Records shown:
_ _ _ _ _

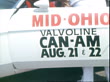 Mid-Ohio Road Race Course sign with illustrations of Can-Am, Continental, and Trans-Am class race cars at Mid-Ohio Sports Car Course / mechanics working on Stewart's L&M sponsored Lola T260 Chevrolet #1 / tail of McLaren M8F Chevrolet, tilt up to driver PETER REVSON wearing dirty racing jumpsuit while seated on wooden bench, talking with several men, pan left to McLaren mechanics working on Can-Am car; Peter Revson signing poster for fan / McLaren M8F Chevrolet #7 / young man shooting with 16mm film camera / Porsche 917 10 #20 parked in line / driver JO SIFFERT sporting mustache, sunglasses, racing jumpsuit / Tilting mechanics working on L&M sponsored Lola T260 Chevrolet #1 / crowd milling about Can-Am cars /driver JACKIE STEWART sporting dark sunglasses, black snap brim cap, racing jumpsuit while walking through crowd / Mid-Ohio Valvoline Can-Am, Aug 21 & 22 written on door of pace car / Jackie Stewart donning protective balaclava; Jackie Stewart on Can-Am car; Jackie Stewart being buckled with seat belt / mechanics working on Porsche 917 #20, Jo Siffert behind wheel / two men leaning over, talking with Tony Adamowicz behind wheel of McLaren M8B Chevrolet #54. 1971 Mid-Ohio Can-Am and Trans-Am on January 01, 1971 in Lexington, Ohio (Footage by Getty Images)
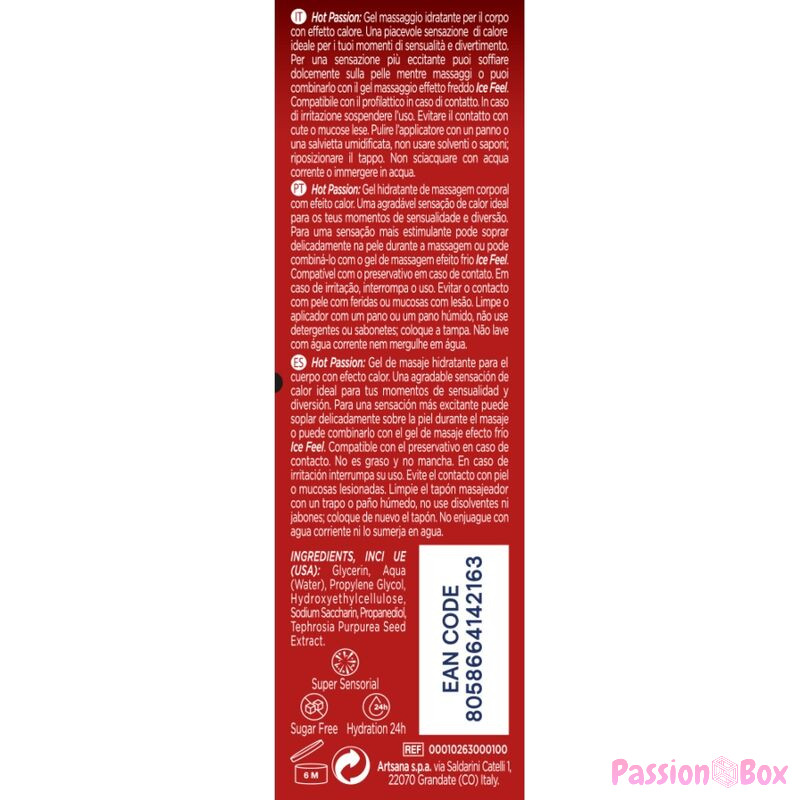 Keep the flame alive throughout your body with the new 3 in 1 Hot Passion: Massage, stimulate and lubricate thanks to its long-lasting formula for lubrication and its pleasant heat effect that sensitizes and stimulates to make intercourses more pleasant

_ _ _ _ _

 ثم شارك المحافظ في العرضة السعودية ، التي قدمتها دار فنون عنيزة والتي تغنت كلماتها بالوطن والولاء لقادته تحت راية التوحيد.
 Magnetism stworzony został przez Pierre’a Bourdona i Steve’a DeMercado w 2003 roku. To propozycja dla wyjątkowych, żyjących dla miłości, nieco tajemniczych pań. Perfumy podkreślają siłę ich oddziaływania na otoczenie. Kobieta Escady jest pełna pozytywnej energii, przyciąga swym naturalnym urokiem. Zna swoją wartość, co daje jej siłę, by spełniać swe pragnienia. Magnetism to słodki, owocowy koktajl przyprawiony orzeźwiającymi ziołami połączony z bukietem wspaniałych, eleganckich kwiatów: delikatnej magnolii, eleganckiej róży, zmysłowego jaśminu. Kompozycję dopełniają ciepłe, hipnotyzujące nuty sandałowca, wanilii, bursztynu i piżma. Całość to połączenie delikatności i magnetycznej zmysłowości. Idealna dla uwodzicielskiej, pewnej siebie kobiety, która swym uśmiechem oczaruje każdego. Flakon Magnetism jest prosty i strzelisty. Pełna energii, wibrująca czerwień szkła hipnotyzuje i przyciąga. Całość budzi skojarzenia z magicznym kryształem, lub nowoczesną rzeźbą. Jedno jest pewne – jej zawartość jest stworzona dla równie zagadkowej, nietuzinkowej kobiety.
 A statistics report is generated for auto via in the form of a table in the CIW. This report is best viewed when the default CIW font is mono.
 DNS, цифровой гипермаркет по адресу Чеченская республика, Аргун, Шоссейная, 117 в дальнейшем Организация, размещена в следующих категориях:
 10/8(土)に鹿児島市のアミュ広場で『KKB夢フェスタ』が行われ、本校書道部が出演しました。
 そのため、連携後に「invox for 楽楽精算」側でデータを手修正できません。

_ _ _ _ _

Task item: Treat the line with "Mid-Ohio Road Race" as the start and the line with "Keep the flame" as the end, and return exactly that span of the data above, both ends included, without pictures.

Response:
 Mid-Ohio Road Race Course sign with illustrations of Can-Am, Continental, and Trans-Am class race cars at Mid-Ohio Sports Car Course / mechanics working on Stewart's L&M sponsored Lola T260 Chevrolet #1 / tail of McLaren M8F Chevrolet, tilt up to driver PETER REVSON wearing dirty racing jumpsuit while seated on wooden bench, talking with several men, pan left to McLaren mechanics working on Can-Am car; Peter Revson signing poster for fan / McLaren M8F Chevrolet #7 / young man shooting with 16mm film camera / Porsche 917 10 #20 parked in line / driver JO SIFFERT sporting mustache, sunglasses, racing jumpsuit / Tilting mechanics working on L&M sponsored Lola T260 Chevrolet #1 / crowd milling about Can-Am cars /driver JACKIE STEWART sporting dark sunglasses, black snap brim cap, racing jumpsuit while walking through crowd / Mid-Ohio Valvoline Can-Am, Aug 21 & 22 written on door of pace car / Jackie Stewart donning protective balaclava; Jackie Stewart on Can-Am car; Jackie Stewart being buckled with seat belt / mechanics working on Porsche 917 #20, Jo Siffert behind wheel / two men leaning over, talking with Tony Adamowicz behind wheel of McLaren M8B Chevrolet #54. 1971 Mid-Ohio Can-Am and Trans-Am on January 01, 1971 in Lexington, Ohio (Footage by Getty Images)
 Keep the flame alive throughout your body with the new 3 in 1 Hot Passion: Massage, stimulate and lubricate thanks to its long-lasting formula for lubrication and its pleasant heat effect that sensitizes and stimulates to make intercourses more pleasant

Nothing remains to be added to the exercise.